Copy out the data exactly as it appears, without a single image.

(Data for the task begins)

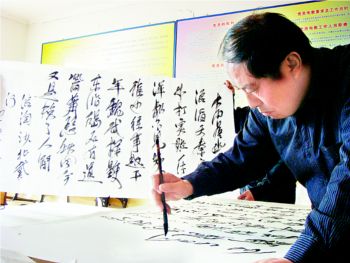 昨天,記者在延慶縣延慶鎮米家堡村見到了49歲的張海河。操著濃重延慶口音的他告訴記者:“我只有初中文化,識字不多,先是種地,后又做建筑安裝,沒想到老了老了,還能練書法,讓鄉親們覺得我是個文化人!”
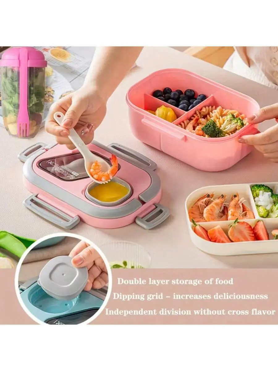 Double-Layer Multi-Compartment Lunchbox Set/Single Lunchbox. Includes Lunchbox, Cup, And Lunch Bag, Suitable For School, Office, And Outdoor Picnics. | Food Storage Containers | Kitchen Accessories | Lunchbox Set/Single Lunchbox
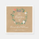 Doté d'une guirlande fleurie moderne de fleurs printanières sur un arrière - plan kraft rustique, ce baptême ou cette serviette chic neutre genre peuvent être personnalisés avec vos détails spéciaux de l'événement. Conçu par Thisisnotme©
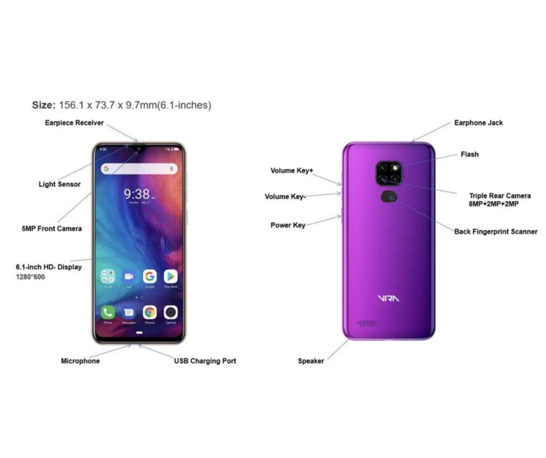 ویرا مدل V5 گوشی هوشمند میانردهای است که در کنار بهره بردن از مشخصات فنی مناسب و قابل قبول، قیمت مقرون بهصرفهای هم دارد. طراحی این گوشی میانرده طراحی آشنا و کاربر پسندی است. در نمای روبهرویی این ویرا V5 به صفحهنمایش 6.1 اینچ با رزولوشن 600×1280 پیکسل مجهز شده که برای طراحی صفحهنمایش از ناچ واتردراپ استفاده شده است. بریدگی قطرهای شکل ناچ در قسمت بالایی و مرکزی صفحهنمایش سنسور دوربین سلفی با رزولوشن 5 مگاپیکسل را در خود جای داده است. در قسمت پشتی هم یک سنسور دوربین اصلی با رزولوشن 8 مگاپیکسل در کنار دو سنسور 2 مگاپیکسل از نوع ماکرو و سنجش عمق، سنسورهای دوربین سهٰگانه این گوشی هوشمند میانرده را تشکیل میدهند. سنسور دوربین اصلی این گوشی، توانایی ضبط ویدیو با حداکثر کیفیت 1080p و سرعت 30 فریم در ثانیه را دارد. قابلیت امنیتی و بسیار پرکاربرد حسگر اثر انگشت هم از نوع فیزیکی در قسمت پشتی قرار گرفته است. باتری با میزان ظرفیت 3500 میلیآمپرساعت در نظر گرفته شده برای این گوشی هوشمند میانرده هم، به ازای هر بار شارژ 100 درصدی، طول عمر مفید (زمان آماده بهکار) بسیار قابل قبولی را ارائه میکند
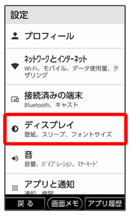 画面の明るさや壁紙などが設定できます。設定できる項目は次のとおりです。
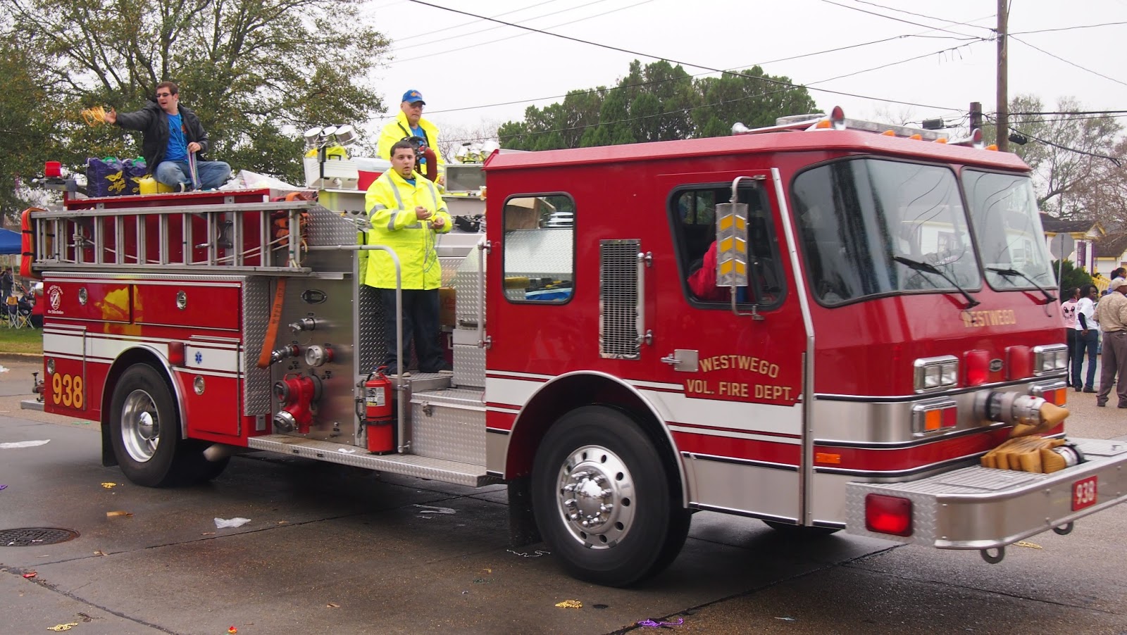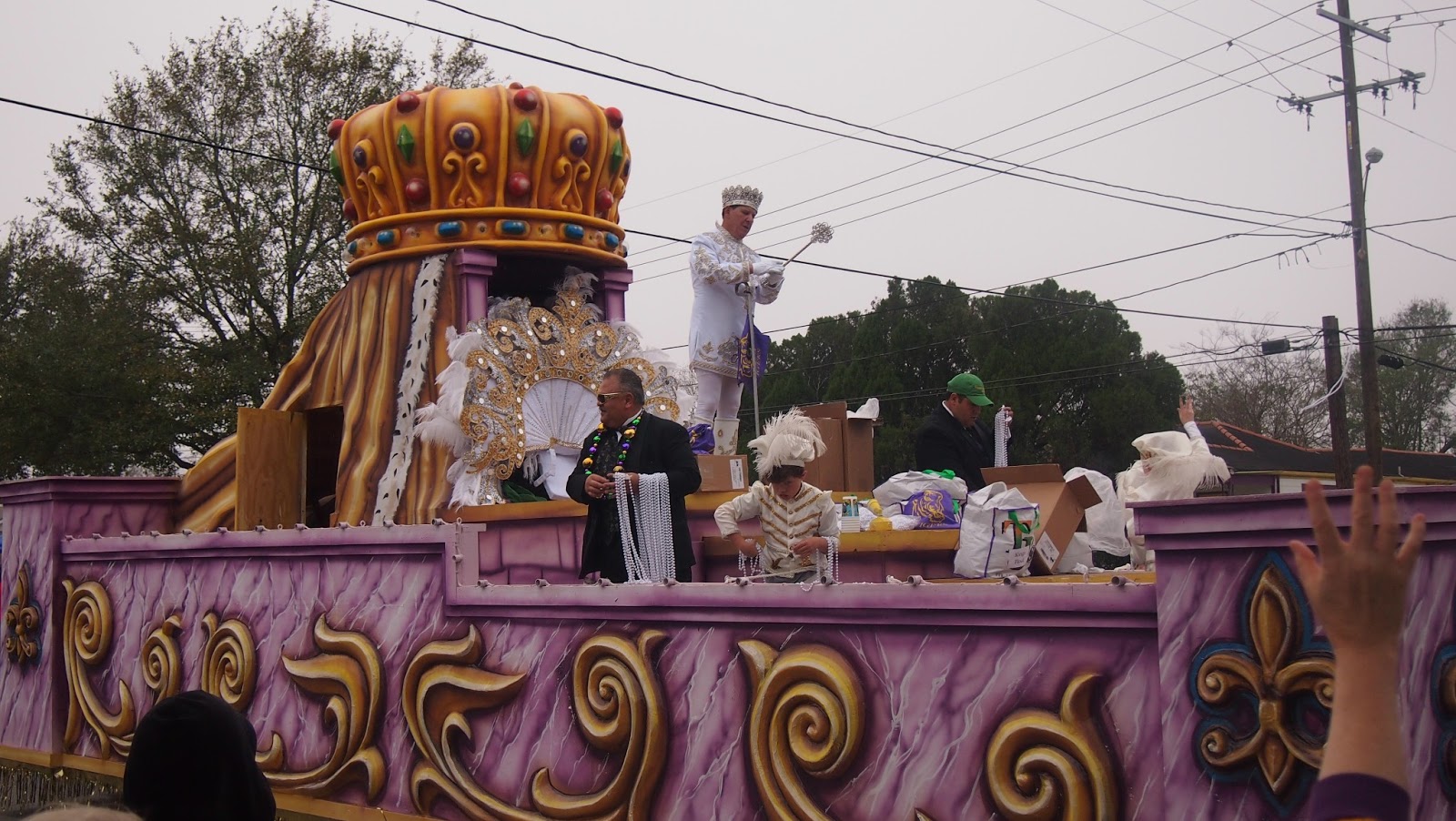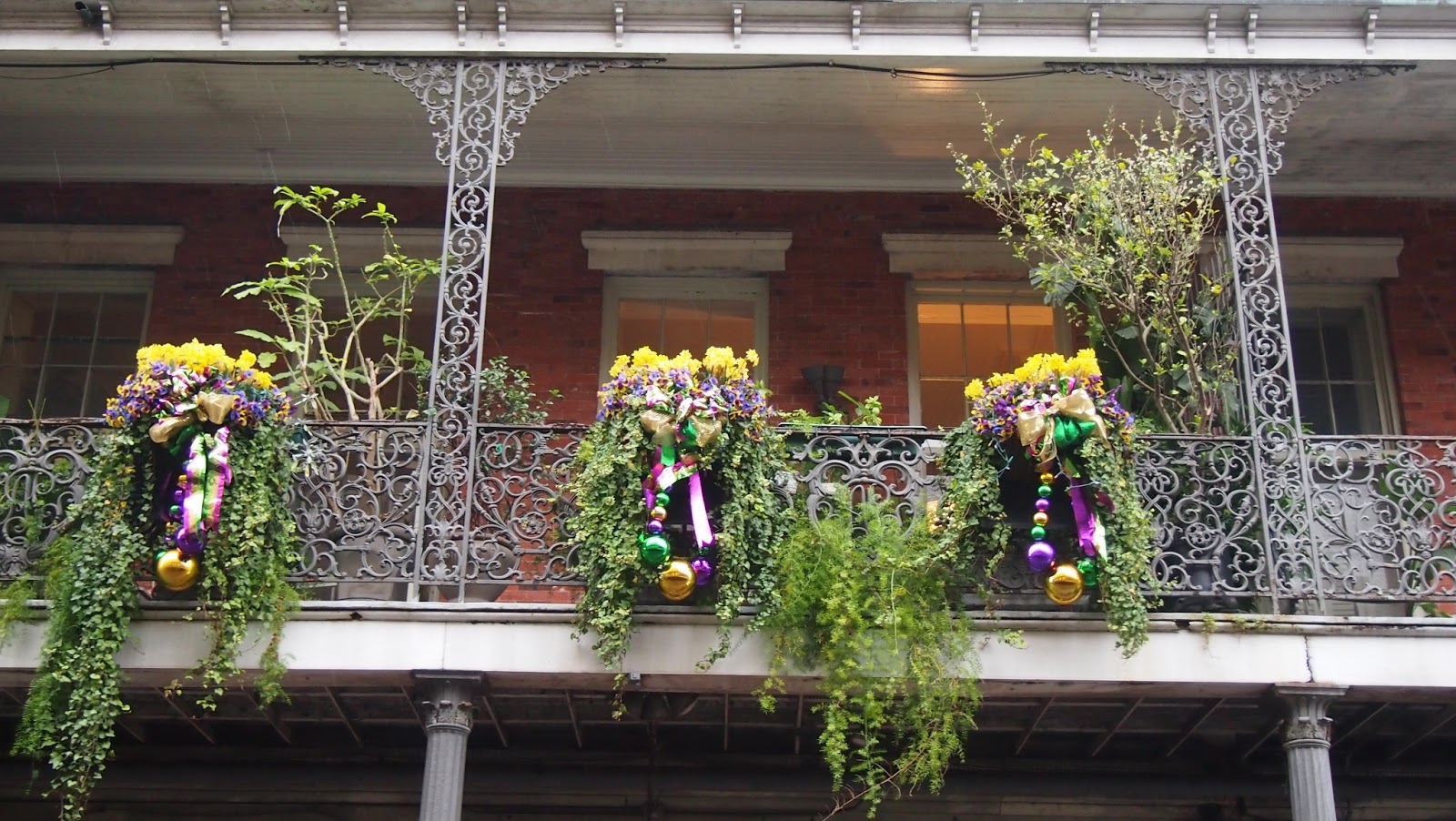 Mardi Gras decorations - French QuartersTuesday was Mardi Gras day. In the city the Krewes of Zulu and Rex were parading. We watched the parades on the television before joining our friends at a local parade for the Krewe of Grela in the Gretna Parish. Here the local fire department (yes fire trucks!), the sheriff and local councillors joined the parade, tossing throws, cups and doubloons. The King and Queen of Grela passed by and the local high school marching bands, entertained us. I stood on the side of the road, my own hand upreached... "
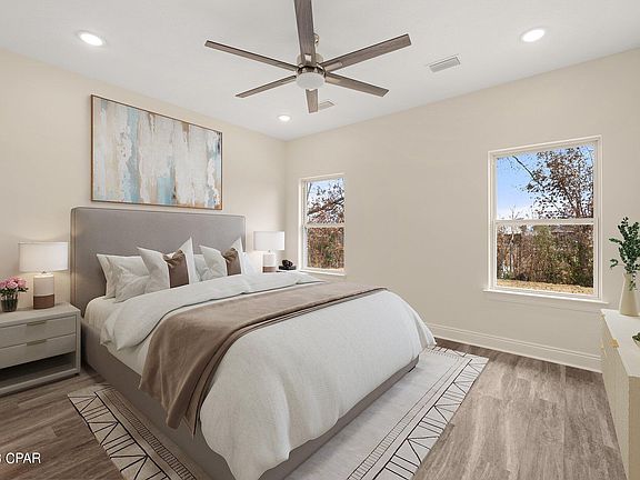 Improved price on this new construction home with numerous upgrades. What a perfect location as this house is in a deeded neighborhood located conveniently off Hwy 231 close to downtown restaurants and shops and 23rd street! This house is a short drive to Tyndall Air Force Base. This is a four bedroom, two bath, brick home with an open floorplan and an oversized covered back porch overlooking your fully sodded yard with an automatic sprinkler system. You will enjoy the privacy of your fenced backyard. As you drive up to the house you will find the wow factor. This craftsman exterior design of brick/hardy board has an inviting feel as you walk into the house with 9 ft ceilings, and custom light package. The kitchen is a chef's delight with custom cabinets, granite countertops, large island, and upgraded Samsung stainless steel appliances and the kitchen is open so you can enjoy guest and family relaxing in the living area. You will enjoy retreating in your master suite complete with a double vanity, garden tub with a separate shower and a large walk in closet. Call today to schedule your tour. All information contained herein is believed to be accurate and true however it is the responsibility of the buyer to verify all information.

(Data for the task ends)

**Problem solution**
 昨天,記者在延慶縣延慶鎮米家堡村見到了49歲的張海河。操著濃重延慶口音的他告訴記者:“我只有初中文化,識字不多,先是種地,后又做建筑安裝,沒想到老了老了,還能練書法,讓鄉親們覺得我是個文化人!”
 Double-Layer Multi-Compartment Lunchbox Set/Single Lunchbox. Includes Lunchbox, Cup, And Lunch Bag, Suitable For School, Office, And Outdoor Picnics. | Food Storage Containers | Kitchen Accessories | Lunchbox Set/Single Lunchbox
 Doté d'une guirlande fleurie moderne de fleurs printanières sur un arrière - plan kraft rustique, ce baptême ou cette serviette chic neutre genre peuvent être personnalisés avec vos détails spéciaux de l'événement. Conçu par Thisisnotme©
 ویرا مدل V5 گوشی هوشمند میانردهای است که در کنار بهره بردن از مشخصات فنی مناسب و قابل قبول، قیمت مقرون بهصرفهای هم دارد. طراحی این گوشی میانرده طراحی آشنا و کاربر پسندی است. در نمای روبهرویی این ویرا V5 به صفحهنمایش 6.1 اینچ با رزولوشن 600×1280 پیکسل مجهز شده که برای طراحی صفحهنمایش از ناچ واتردراپ استفاده شده است. بریدگی قطرهای شکل ناچ در قسمت بالایی و مرکزی صفحهنمایش سنسور دوربین سلفی با رزولوشن 5 مگاپیکسل را در خود جای داده است. در قسمت پشتی هم یک سنسور دوربین اصلی با رزولوشن 8 مگاپیکسل در کنار دو سنسور 2 مگاپیکسل از نوع ماکرو و سنجش عمق، سنسورهای دوربین سهٰگانه این گوشی هوشمند میانرده را تشکیل میدهند. سنسور دوربین اصلی این گوشی، توانایی ضبط ویدیو با حداکثر کیفیت 1080p و سرعت 30 فریم در ثانیه را دارد. قابلیت امنیتی و بسیار پرکاربرد حسگر اثر انگشت هم از نوع فیزیکی در قسمت پشتی قرار گرفته است. باتری با میزان ظرفیت 3500 میلیآمپرساعت در نظر گرفته شده برای این گوشی هوشمند میانرده هم، به ازای هر بار شارژ 100 درصدی، طول عمر مفید (زمان آماده بهکار) بسیار قابل قبولی را ارائه میکند
 画面の明るさや壁紙などが設定できます。設定できる項目は次のとおりです。
 Mardi Gras decorations - French QuartersTuesday was Mardi Gras day. In the city the Krewes of Zulu and Rex were parading. We watched the parades on the television before joining our friends at a local parade for the Krewe of Grela in the Gretna Parish. Here the local fire department (yes fire trucks!), the sheriff and local councillors joined the parade, tossing throws, cups and doubloons. The King and Queen of Grela passed by and the local high school marching bands, entertained us. I stood on the side of the road, my own hand upreached... "
 Improved price on this new construction home with numerous upgrades. What a perfect location as this house is in a deeded neighborhood located conveniently off Hwy 231 close to downtown restaurants and shops and 23rd street! This house is a short drive to Tyndall Air Force Base. This is a four bedroom, two bath, brick home with an open floorplan and an oversized covered back porch overlooking your fully sodded yard with an automatic sprinkler system. You will enjoy the privacy of your fenced backyard. As you drive up to the house you will find the wow factor. This craftsman exterior design of brick/hardy board has an inviting feel as you walk into the house with 9 ft ceilings, and custom light package. The kitchen is a chef's delight with custom cabinets, granite countertops, large island, and upgraded Samsung stainless steel appliances and the kitchen is open so you can enjoy guest and family relaxing in the living area. You will enjoy retreating in your master suite complete with a double vanity, garden tub with a separate shower and a large walk in closet. Call today to schedule your tour. All information contained herein is believed to be accurate and true however it is the responsibility of the buyer to verify all information.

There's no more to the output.